From: Vincent Guittot
Date: Thu Dec 18 2014 - 04:42:21 EST

Next message: Thierry Reding: "Re: randconfig build error with next-20141204, in drivers/pwm"
Previous message: Chunyan Zhang: "Re: [PATCH] media: rc: Replace timeval with ktime_t in imon.c"
Messages sorted by: [ date ] [ thread ] [ subject ] [ author ]
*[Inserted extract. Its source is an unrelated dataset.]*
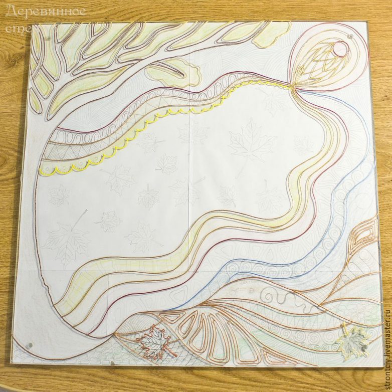 Шаг 1. Делаю набросок эскиза будущего панно в своей рабочей тетради, потом переношу на склеенные до нужного размера листы обычной офисной бумаги. После чернового наброска простым карандашом и проработки более мелких деталей, цветными восковыми мелками определяю основные цветовые зоны эскиза.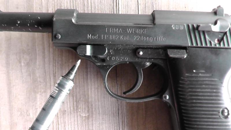 El arma es de la marca ERMA WERNE. Modelo EP 882.

On 2 December 2014 at 15:06, Morten Rasmussen <morten.rasmussen@xxxxxxx> wrote:
> From: Dietmar Eggemann <dietmar.eggemann@xxxxxxx>
>
> Besides the existing frequency scale-invariance correction factor, apply
> cpu scale-invariance correction factor to usage and load tracking.
>
> Cpu scale-invariance takes cpu performance deviations due to
> micro-architectural differences (i.e. instructions per seconds) between
> cpus in HMP systems (e.g. big.LITTLE) and differences in the frequency
> value of the highest OPP between cpus in SMP systems into consideration.
>
> Each segment of the sched_avg::{running_avg_sum, runnable_avg_sum}
> geometric series is now scaled by the cpu performance factor too so the
> sched_avg::{utilization_avg_contrib, load_avg_contrib} of each entity will
> be invariant from the particular cpu of the HMP/SMP system it is gathered
> on. As a result, cfs_rq::runnable_load_avg which is the sum of
> sched_avg::load_avg_contrib, becomes cpu scale-invariant too.
>
> So the {usage, load} level that is returned by {get_cpu_usage,
> weighted_cpuload} stays relative to the max cpu performance of the system.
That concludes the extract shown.